We introduce Pythagoras-Prover, a compute-efficient family of open-source large language models for formal theorem proving in Lean 4. The family comprises two autoregressive provers at 4B and 32B parameters, together with Pythagoras-Prover-Diffusion, the first diffusion-based theorem prover, which iteratively refines Lean proofs at inference time. All three models are artefacts of a single methodological approach: a scalable, Lean-verified synthetic data pipeline.
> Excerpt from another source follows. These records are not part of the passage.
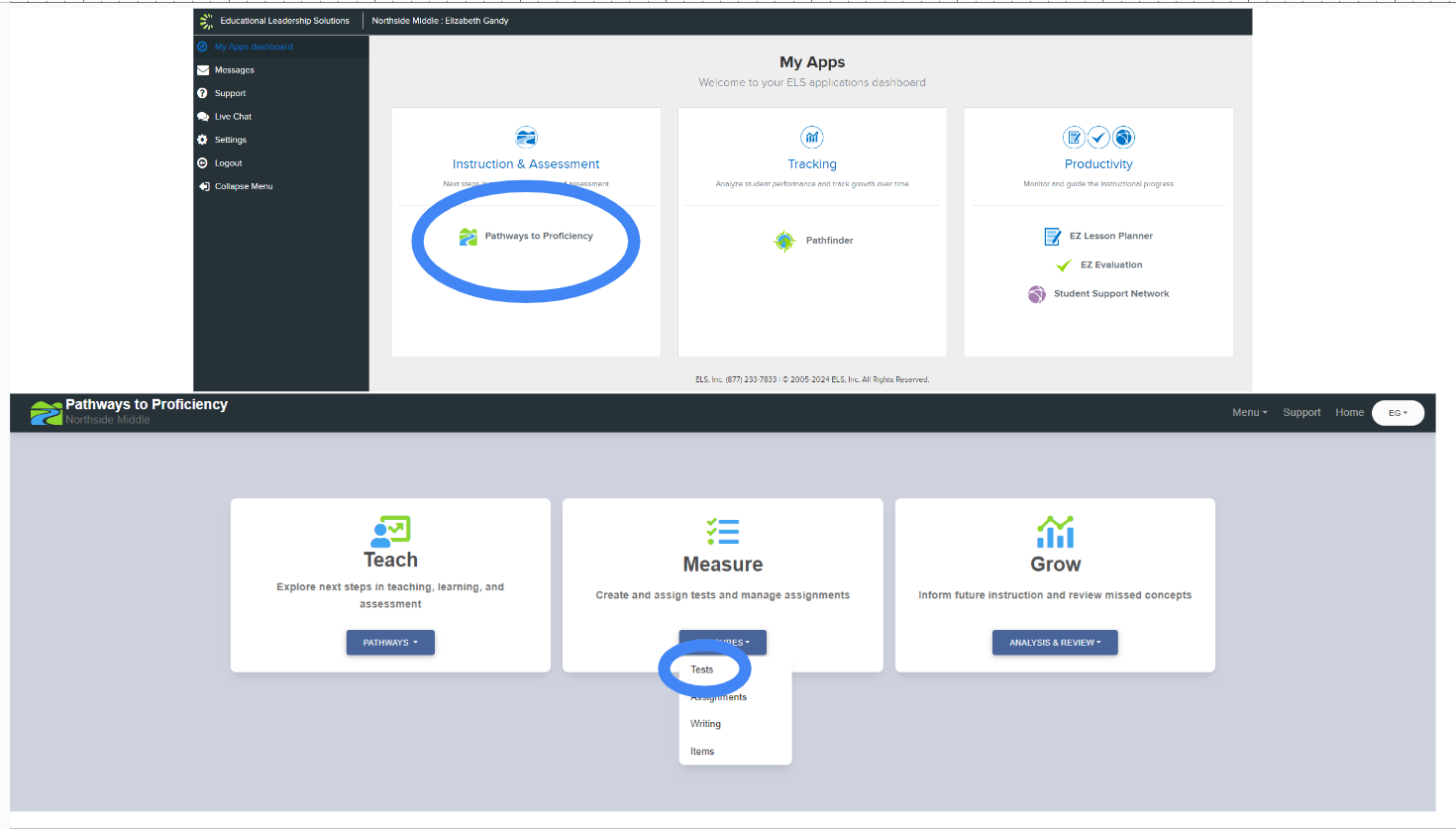 2. Navigate to Pathways to Proficiency -> Measures -> Tests -> Create a Test.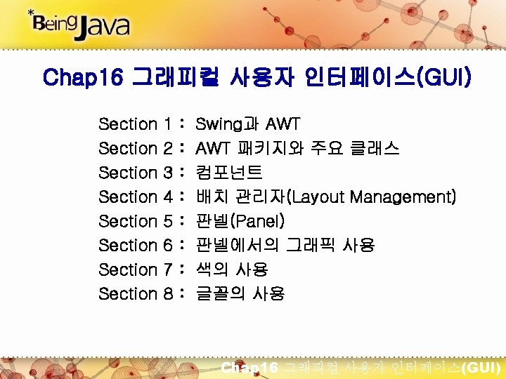 2. AWT 패키지와 주요 클래스 1. java. awt 패키지 ü GUI 구축을 위한 클래스들의 모임 ü java. awt 패키지에서 제공되는 클래스들의 유형별 분류 유형구분 컴포넌트의 배치와 관 련된 클래스명 Border. Layout, Flow. Layout, Grid. Bag. Constraints, Card. Layout GUI 구성과 관련된 클 Button, Label, Canvas, Checkbox, Choice, 래스 Scrollbar, Component. List, Menu, Text. Component, Text. Area, Menu. Bar, Menu. Item, Text. Field, Checkbox. Group, Checkbox. Menu. Item, Menu. Component 그래픽 출력과 관련된 클래스 Color, Font. Metrics, Rectangle, Point, Polygon, Graphics, Image 컨테이너 클래스 Frame, Panel, Window, Container, File. Dialog, Dialog 그 외의 클래스 Insets, Dimension, Toolkit, Event, Media. Tracker Chap 16 그래피컬 사용자 인터페이스(GUI)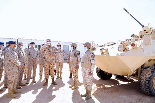 وأضاف: «افتخر بوجودي بينكم في مواقع العز والشرف»، مشيداً بالمواقف الشجاعة والبطولية في الدفاع عن دينهم وملكهم ووطنهم، والتأكيد على المعنويات العالية والمستوى المتميز الذي يتمتعون به في أداء الواجبات والمهام الموكلة لهم».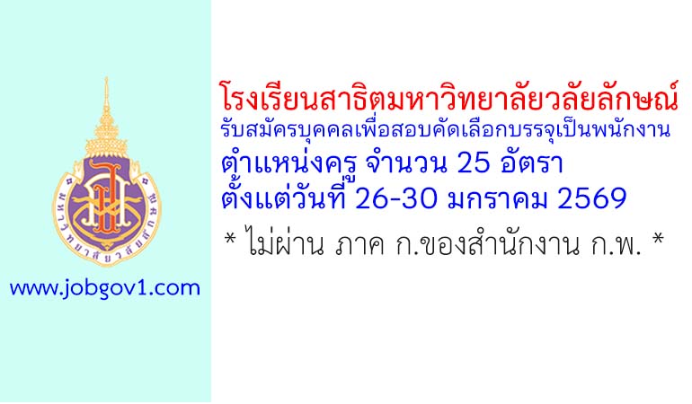 โรงเรียนสาธิตมหาวิทยาลัยวลัยลักษณ์ รับสมัครบุคคลเพื่อสอบคัดเลือกบรรจุเป็นพนักงาน ตำแหน่งครู 25 อัตรา ตั้งแต่วันที่ 26-30 มกราคม 2569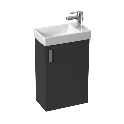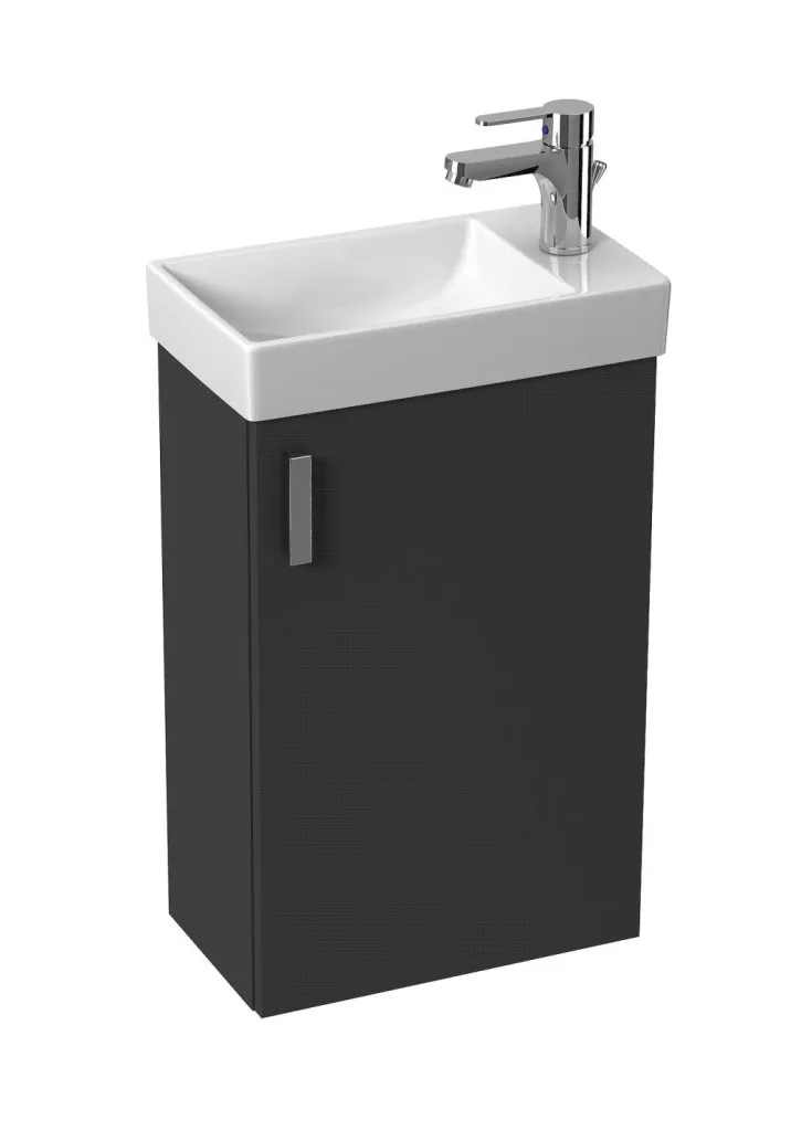 Tökéletes fürdőszoba minimalista kivitelben. Az 1 ajtós, geometriai formájú alsószekrényt kényelmes 1+1-es csomagban kínáljuk, a 400 x 230 mm-es Petit mosdóval és a jobb oldali csaptelep furattal együtt.

At its centre is Augmented Lean Formalisation (ALF), a structured mutation scheme that expands a verified seed corpus into formal variants without per-instance Lean compilation, then re-uses them as a self-distillation signal during training. This design lets careful data construction stand in for raw scale, closing much of the gap between small open provers and their largest counterparts — without relying on inference-time self-correction.

2. Model Summary

A Lean-Verified Synthetic Data Pipeline

Natural-language problems from general-math and competition sources are autoformalised into Lean and gated on the type-checker using predominantly sub-30B open models, with an auto-informalisation and alignment step discarding faithful-but-wrong formalisations to yield a verified seed corpus partitioned into easy, medium, and hard tiers.
A rubric-guided distillation stage re-prompts on each rejected instance to target the specific Lean type-checker error responsible for its failure, lifting autoformalisation success and roughly doubling the verified training set.

Model Training

LoRA-only supervised fine-tuning of Qwen3-4B and Qwen3-32B under an 8K context, paired with a dynamic proof-reasoning filter and a difficulty-ordered easy→medium→hard curriculum, followed by reinforcement learning with a Lean-compilation reward and a final continued-SFT stage on the ALF corpus.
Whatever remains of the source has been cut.